Working at the Morris Spear campus in Adrian really ended up confirming that Kesson was receiving a call to pastoral ministry. He began working as a youth pastor in 2003, was assigned as a pastor in 2005, and began working full-time in ministry in 2008. He became fully ordained in 2014, and along the way also was commissioned as a 1st Lieutenant in the Army Reserve as a chaplain. Two years ago, he was promoted to Captain. He considers this work as a “sacred calling.”

“Working as a military chaplain has really enhanced my ministry in the local church,” he says. “It makes it easier for me to reach out to veterans and increase the church’s awareness of the needs of service people and their families. Conversely, my civilian ministry has also enhanced my abilities to reach out to those who are currently serving–and their families as well. It’s a very fulfilling aspect of my ministry.”

He says he and his family felt welcomed in Manchester from Day One, and they have really integrated into the community.

One intriguing aspect of Kesson’s ministry in Manchester has been the birth of a “Pub Theology” group that has met every other Thursday at Over the Edge since January.

“It’s a gathering to talk about topics of faith in a non-churchy atmosphere,” he explains. “Everyone is welcome; it’s open to anyone of any faith or any background. Our stated meeting time is from 8-10 pm, but there are times we’ve closed the place. And yes, we do consume ‘pub’ beverages as part of our gatherings.” He hopes that this growing group will continue to meet even after he is gone.

While Kesson definitely considers pastoral ministry to be a “difficult calling,” he acknowledges that it’s also incredibly fulfilling. And he has plenty of support from his family, his congregation, and his God.

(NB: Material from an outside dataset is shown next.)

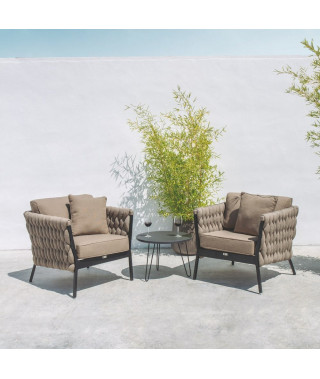 Struttura in alluminio nero con elegante trecciatura 100% Olefina.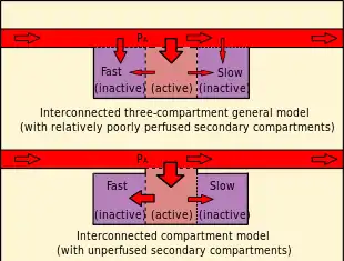 The assumption that perfusion is the limiting mechanism leads to a model comprising a group of tissues with varied rates of perfusion, but supplied by blood of approximately equivalent gas concentration. It is also assumed that there is no gas transfer between tissue compartments by diffusion. This results in a parallel set of independent tissues, each with its own rate of ingassing and outgassing dependent on the rate of blood flowing through the tissue. Gas uptake for each tissue is generally modelled as an exponential function, with a fixed compartment half-time, and gas elimination may also be modelled by an exponential function, with the same or a longer half time, or as a more complex function, as in the exponential-linear elimination model.

And he looks forward to his future assignment with excitement and anticipation; knowing that support will follow him wherever he travels.

The church will celebrate the Kesson family’s ministry in Manchester with a farewell after church on June 25. Friends from the community are welcome to attend.

“We aren’t Dairy Queen, but we have great Sundays,” says the sign in front of Manchester United Methodist Church.